What is expected: Copy out precisely the lines from the start of the data through the line with "President Barack Obama", and keep pictures out of it.

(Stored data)
[Start of section]
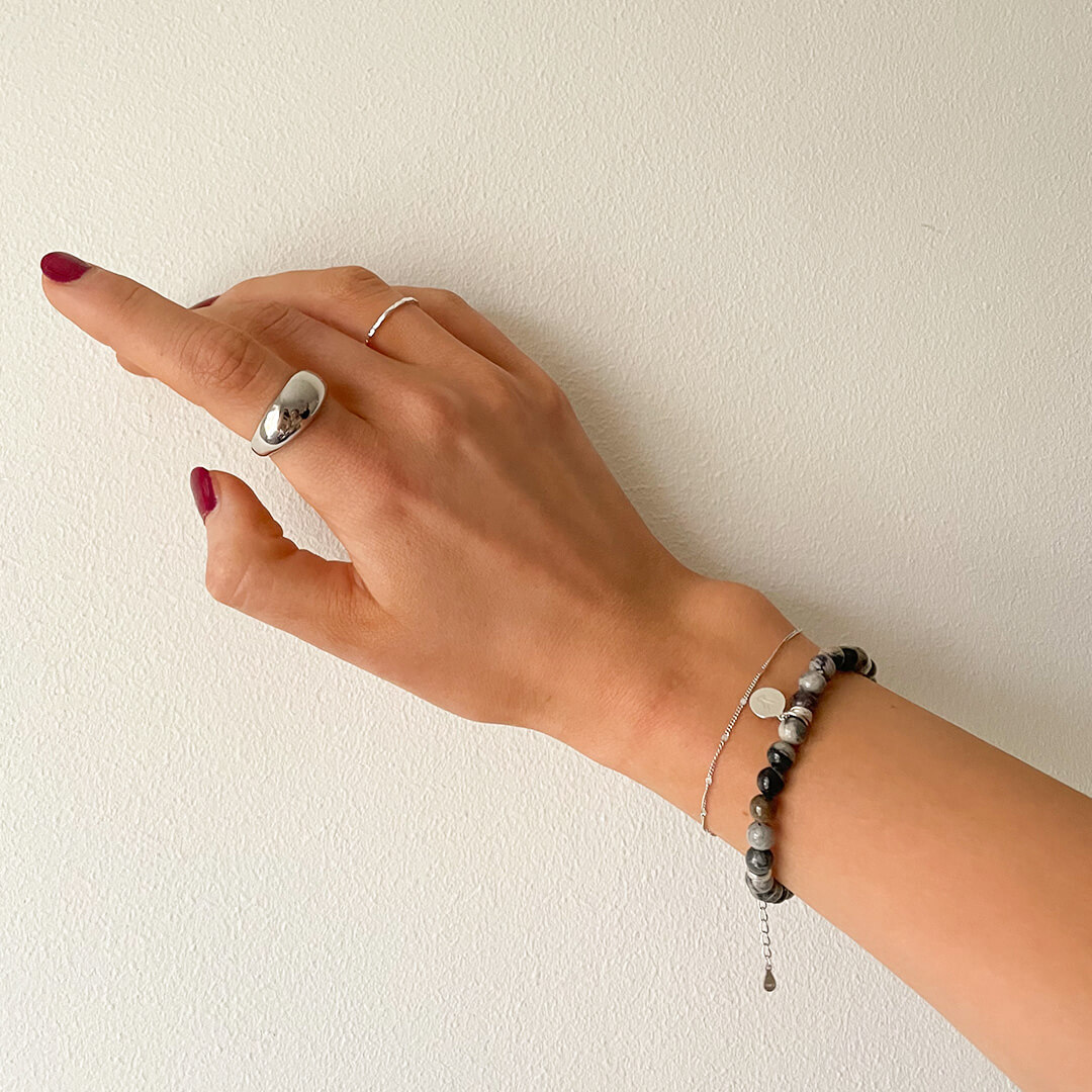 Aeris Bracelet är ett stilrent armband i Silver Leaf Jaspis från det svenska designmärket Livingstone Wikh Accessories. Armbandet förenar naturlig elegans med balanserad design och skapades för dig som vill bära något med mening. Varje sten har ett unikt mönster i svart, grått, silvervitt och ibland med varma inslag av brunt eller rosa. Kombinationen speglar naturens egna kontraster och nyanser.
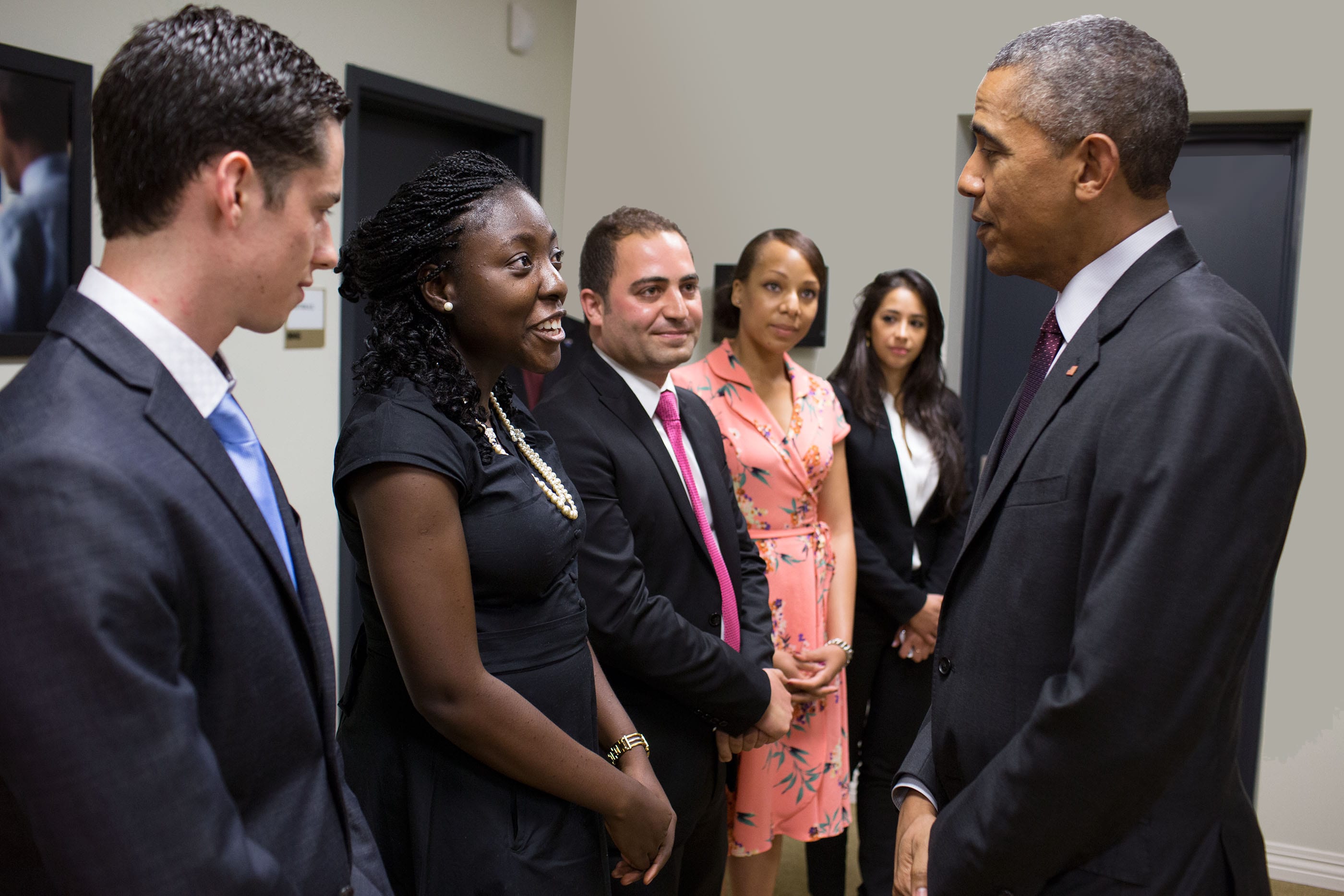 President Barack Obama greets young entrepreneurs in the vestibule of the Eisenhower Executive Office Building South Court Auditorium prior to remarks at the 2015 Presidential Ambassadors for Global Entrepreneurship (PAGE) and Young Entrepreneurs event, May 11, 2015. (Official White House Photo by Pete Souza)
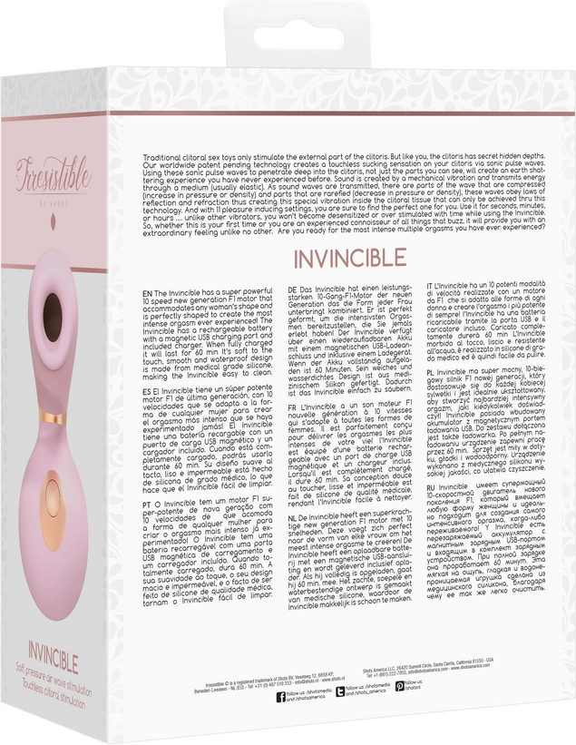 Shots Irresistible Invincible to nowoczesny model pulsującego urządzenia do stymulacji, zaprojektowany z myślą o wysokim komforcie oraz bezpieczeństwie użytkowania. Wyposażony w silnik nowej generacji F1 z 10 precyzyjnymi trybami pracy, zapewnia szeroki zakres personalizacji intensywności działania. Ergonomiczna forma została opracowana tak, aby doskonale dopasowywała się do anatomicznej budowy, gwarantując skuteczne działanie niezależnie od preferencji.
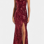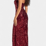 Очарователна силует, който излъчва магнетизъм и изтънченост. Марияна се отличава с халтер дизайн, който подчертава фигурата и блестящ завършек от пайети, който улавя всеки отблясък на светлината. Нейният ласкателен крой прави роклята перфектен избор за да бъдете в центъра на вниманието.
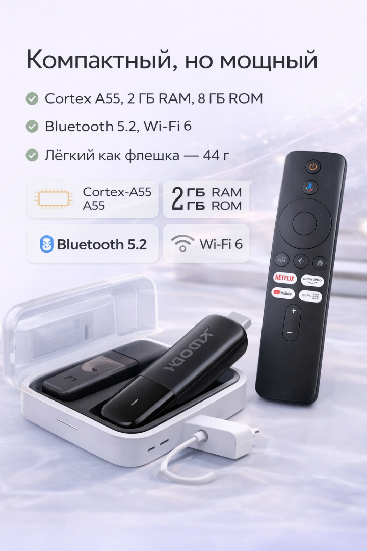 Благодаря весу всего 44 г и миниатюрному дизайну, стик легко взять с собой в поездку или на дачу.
[End of section]
Output below:
 Aeris Bracelet är ett stilrent armband i Silver Leaf Jaspis från det svenska designmärket Livingstone Wikh Accessories. Armbandet förenar naturlig elegans med balanserad design och skapades för dig som vill bära något med mening. Varje sten har ett unikt mönster i svart, grått, silvervitt och ibland med varma inslag av brunt eller rosa. Kombinationen speglar naturens egna kontraster och nyanser.
 President Barack Obama greets young entrepreneurs in the vestibule of the Eisenhower Executive Office Building South Court Auditorium prior to remarks at the 2015 Presidential Ambassadors for Global Entrepreneurship (PAGE) and Young Entrepreneurs event, May 11, 2015. (Official White House Photo by Pete Souza)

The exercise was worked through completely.